*Assignment*
An exact reproduction of the lines below, from the first through the one with "Three delicious A&W", is the whole answer; pictures have no place in it.

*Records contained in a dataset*

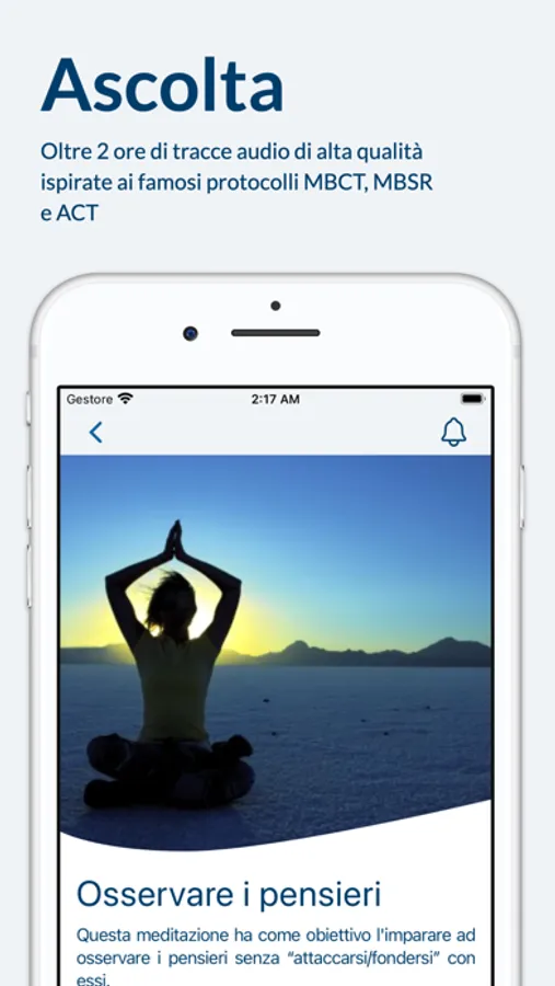 - Oltre 2 ore di tracce audio di qualità inspirate dagli esercizi presenti nei protocolli MBCT e ACT.
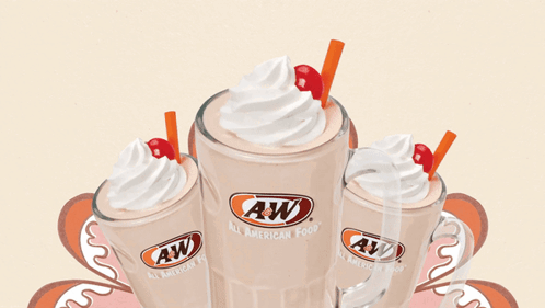 Three delicious A&W Apple Pie Shakes topped with whipped cream and cherries, a perfect fast food treat.
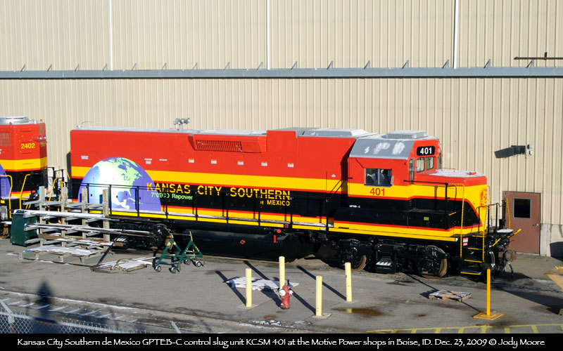 A. KCSM 400 and 401 previous unit information from the Kansas City Southern Historical Society’s NAFTA rosters (http://www.kcshs.org/schedule/subs/images/rosters/locos.htm), and from research provided by Bill Miller.
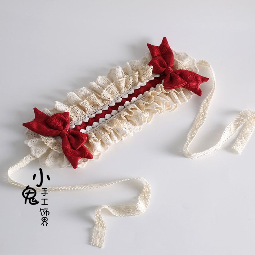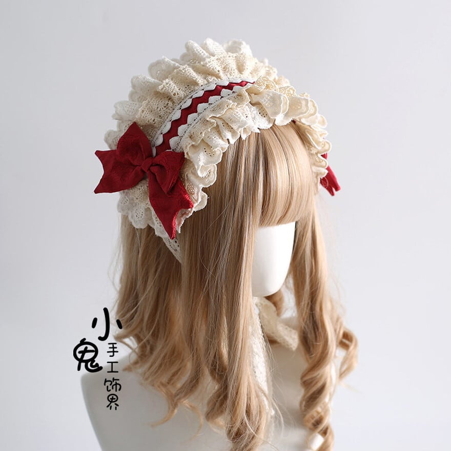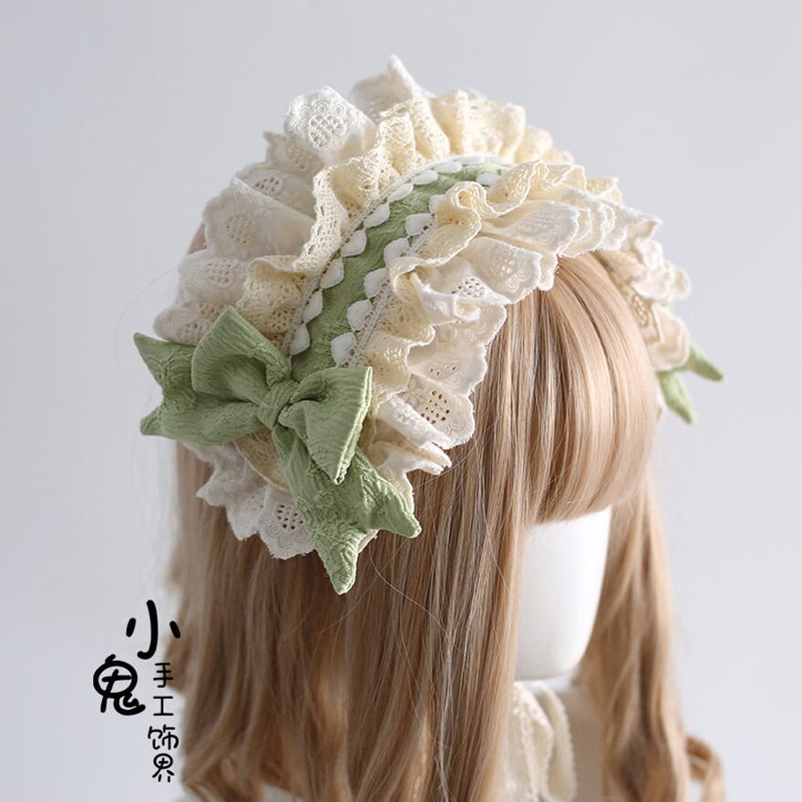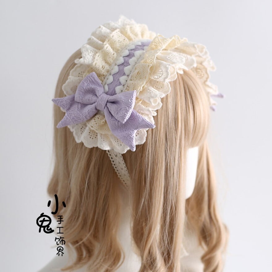 繊細な刺繍を施したコットン風レースを幾重にも重ねた、ボリューム感のあるヘッドドレスです。両サイドには存在感のあるリボンをあしらい、中央にはアクセントカラーの帯を通したデザイン。クラシカルな甘ロリスタイルを完成させる、可憐さと気品を兼ね備えたヘアアクセサリーです。
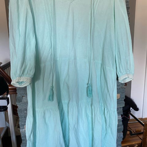 Turkis kjole fra vero moda. Str 38, aldri brukt. Noen merker (ser ut som nålestikk) bak, se bilder.
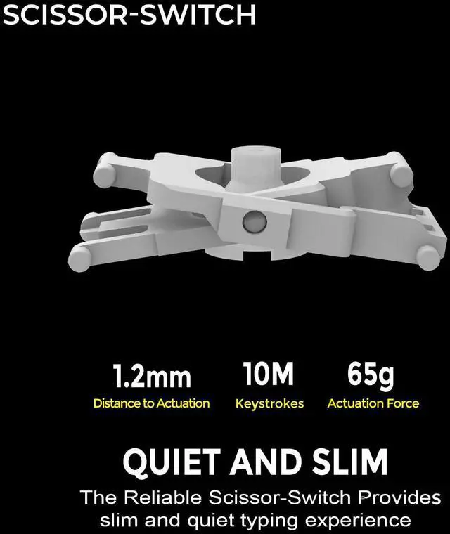 Responsive Typing Comfort: Delight in a smooth typing experience with the low-profile scissor switch technology, which offers responsive feedback with reduced key travel distance and pressure, promoting comfortable and extended typing sessions.
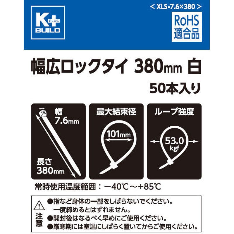 K+BUILD 幅広ロックタイ XLS-7.6×380 白 50本入り
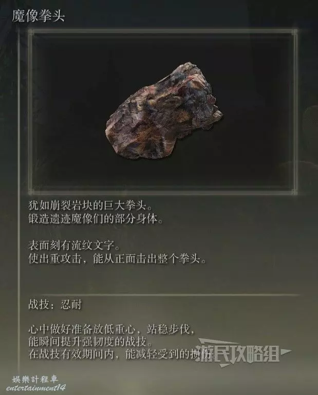 進入泰烏爾鍛造遺跡,刷遺跡裡的大個子怪物,概率掉落【武器】魔像拳頭。
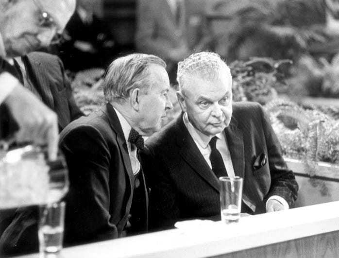 (Former prime ministers Lester B. Pearson and John George Diefenbaker at a federal-provincial conference in 1969 [John McNeill/The Globe & Mail])
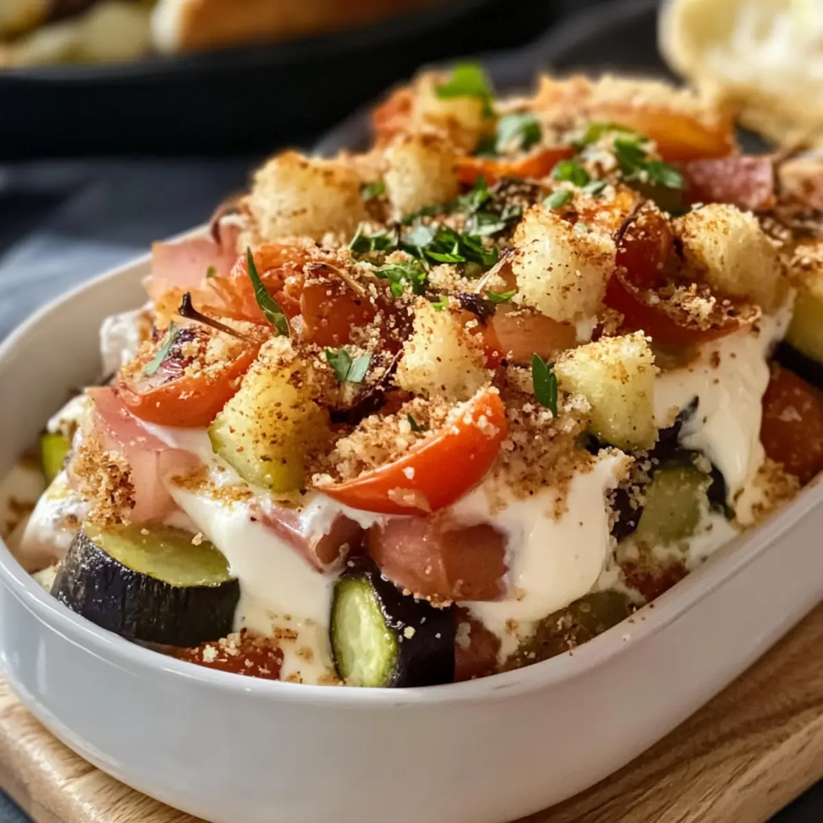 Die Idee, ein Antipasti Tiramisu zu kreieren, kam mir eines Abends, als ich in der Küche zwischen frischen Kräutern und bunten Gemüsevarianten stand. Dieses pikante Antipasti Tiramisu mit Brot Crumble vereint die köstlichen Aromen des Mittelmeers in einem eleganten Gericht, das sowohl einfach zuzubereiten als auch vegetarisch ist. Die cremige Frischkäse-Schicht harmoniert perfekt mit den zarten, gerösteten Gemüse und dem knusprigen Brot-Crumble – eine Explosion an Texturen, die bestimmt jedem den Tag versüßen wird. Ob als Vorspeise beim nächsten Dinner oder als leichtes Mittagessen, dieses Rezept bringt frischen Wind auf deinen Tisch. Neugierig, wie du mit wenigen Zutaten einen wahren Gaumenschmaus zaubern kannst? Lass uns gleich mit dem Kochen beginnen!
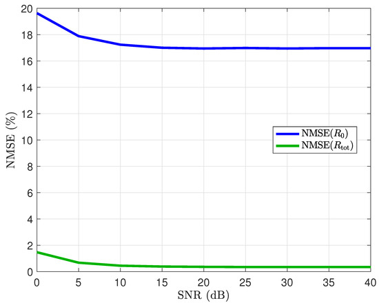 Here, the estimation error is computed with respect to the total resistance, defined as Figure 10 shows the computed NMSE based on the two different definitions given in (52) and (56). In this figure, it can be observed that is less than the NMSE for at all SNR levels. This means that the BMS under the Model 2 assumption estimates both resistances together, as a summation. Thus, it can be confirmed that the estimation of resistance of ECM Model 2 is approximately the sum of the two resistor components of Model 3.

*Response*
 - Oltre 2 ore di tracce audio di qualità inspirate dagli esercizi presenti nei protocolli MBCT e ACT.
 Three delicious A&W Apple Pie Shakes topped with whipped cream and cherries, a perfect fast food treat.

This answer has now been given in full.